- Dhaulana Location in Uttar Pradesh, India Dhaulana Dhaulana (India)
- Coordinates: 28°23′N 77°23′E﻿ / ﻿28.39°N 77.39°E
- Country: India
- State: Uttar Pradesh
- District: [Hapur]
- Founder: Dhaul Singh
- Named for: Dhaul Singh

Government
- • Type: Constitutional Federal Republic
- • Body: Village Municipality, State and Center Government
- • Member Of State Legislative Assembly: Dharmesh Tomar
- Elevation: 250 m (820 ft)

Population
- • Total: 30,000

Languages
- • Official: Hindi
- Time zone: UTC+5:30 (IST)
- PIN: 245301
- Telephone code: 91-120
- Vehicle registration: UP-37
- Website: up.gov.in

= Dhaulana =

Dhaulana is one of the three Tehsils of Hapur district of Uttar Pradesh, state of India. It was created on 28 September 2011 and comprises 91 Rajput (Thakur) villages. Dhaulana lies in Satha Chaurasi regions of Western Uttar Pradesh.

== About ==
Dhaulana is one of the biggest industrial towns in the National Capital Region of India, with a lot of factories working and a lot more in the process of construction, and not just the factories, it has a certain number of showrooms and outlets as well, such as Hero MotoCorp and LG Corporation, to name a few. Dhaulana is the commercial centre of Satha Chaurasi Area .

== Demographics ==
Ghaziabad Lok Sabha constituency has a diverse caste composition with Rajputs considered the most dominant community in the district. The constituency is estimated to have nearly 600,000 Rajput voters, around 550,000 Muslims, 450,000 Brahmins, 450,000 Scheduled Caste voters, 250,000 Banias, 125,000 Jats, 100,000 Punjabis, 75,000 Tyagis and 70,000 Gujjars.

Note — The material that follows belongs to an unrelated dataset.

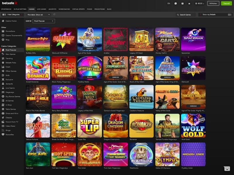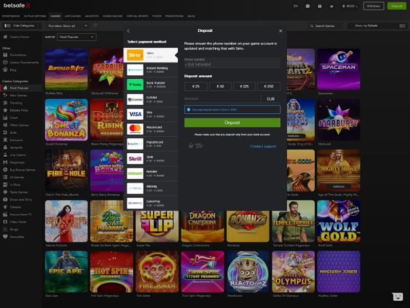 Казино Betsafe работает на программном обеспечении Microgaming, Net Entertainment, Playtech, 1x2gaming, Barcrest, Big Time Gaming, ELK Studios, Evolution Gaming, EYECON, Genesis Gaming, Habanero Systems, iSoftBet, lightningboxgames, Novomatic, Oryx, Play'n GO, playson, Quickspin, Rabcat, Relax Gaming, Thunderkick, Yggdrasil, Endorphina, Wazdan, Realistic Games, GameArt, Betgames, Booming Games, Stakelogic, Pragmatic Play, Nolimit City, Felt Gaming, Red Tiger Gaming, IGT, Red Rake Gaming, Skillzzgaming, Fantasma Games, FunFair, SYNOT Games, FUGA Gaming, Kalamba, Sigma Gaming, Skywind, Triple Edge Studios, Northern Lights Gaming, Stormcraft Studios, Switch Studios, Electric Elephant Games, Pocket Games Soft, Bulletproof Games, All41 Studios, Gluck Games, Gameburger Studios, Pulse 8 Studios, Neon Valley Studios, Golden Rock Studios, Spearhead Studios, Shuffle Master, SpinPlay Games, Real Dealer Studios, GONG Gaming, Blue Guru Games, Lady Luck Games, Buck Stakes Entertainment, Design Works Gaming, Games Global, Wizard Games, 2by2 Gaming, Ainsworth, Ash Gaming, Bally Technologies, bluberi, Blueprint Gaming, Greentube, Leander Games, NextGen, Pariplay, Push Gaming, WMS, Inspired Gaming, Genii, SG Interactive, Gamomat, Red7Mobile, CORE Gaming, Scientific Games, RFranco Group, Side City Studios, Reel Time Gaming, MGA, Bally Wulff, Iron Dog Studio, Old Skool Studios, Foxium, Just For The Win, The Games Company, Reflex Gaming, MetaGU, PearFiction Studios, Apollo Games, Wild Streak Gaming, Slingshot Studios, Fortune Factory Studios, Jade Rabbit Gaming, RubyPlay, 4ThePlayer, AvatarUX, Gamevy, Crazy Tooth Studio, NetGaming, High 5 Games, YoloPlay, ReelPlay, Alchemy Gaming, Rarestone Gaming, BB Games, Snowborn Games, Boomerang Studios, Hacksaw Gaming, Max Win Gaming, Gold Coin Studios, Bang Bang Games, Slotmill, SilverBack Gaming, Peter And Sons, Eurostar Studios, Aurum Signature Studios, Lucksome Gaming, Religa, Area Vegas, RAW iGaming, Apparat Gaming, INO Games, Live 5, Indigo Magic, Kitsune Studios and Sneaky Slots , которое предоставляет казино сотни игр в своей виртуальной библиотеке. Игроки также найдут на сайте ставки на спорт, покер и игры с живыми дилерами.

The district has more than 150 Tomar (Tanwar) Rajput villages and over 84 Gehlot Rajput villages. The historic Satha-Chaurasi region also falls within the district, taking the total number of Rajput-dominated villages to over 250 across Ghaziabad district.

Several prominent Rajput leaders have represented the constituency, including Rajnath Singh, who was elected twice as Member of Parliament from Ghaziabad, General V. K. Singh, who also served two terms as MP, and Dr. Ramesh Chandra Singh Tomar, who represented the constituency five times in the Lok Sabha. Former MLA Sukhbir Singh Gehlot was also a notable Rajput leader from the region, reflecting the political influence of the Rajput community in Ghaziabad district.

== History ==
Dhaulana enjoys a great part in Indian History especially in British Era, like with the 1857 revolt in the city of Meerut being the origin of the revolution against the East India Company. The Rajputs of Satha- Chaurasi also left their home to be a part of this revolt and Thakur Jhanku Singh was the man leading the crowd. While protesting against East India Company the crowd went to the police station and burned down the whole thing, The then station incharge Mubarak Ali, showing cowardice ran away and hid in nearby villages to save his life and he later reached Meerut and informed Senior British Officials about the situation in Dhaulana.

Lala Jhanku Singhal along with thousand of men moved towards Delhi and upon reaching Red Fort he tore the symbol of East India Company waving and waved his Saffron Pagdi instead. This action was a humiliation to the East India Company and they were deeply humiliated. The East India Company along with large troop and Military Tanks reached Dhaulana and arrested 14 peoples named in the action including Thakur Makhan Gehlot, Thakur Chandan Singh, Thakur Jiraj Singh, Thakur Daulat Singh, Thakur Sumer Singh, Thakur Sahib Singh, Thakur Kiddha Singh, Thakur Maharaj Singh, Thakur Durga Singh, Thakur Jiya Singh, Thakur Masav Singh, Thakur Wajir Singh and Lala Jhankumal Singhal.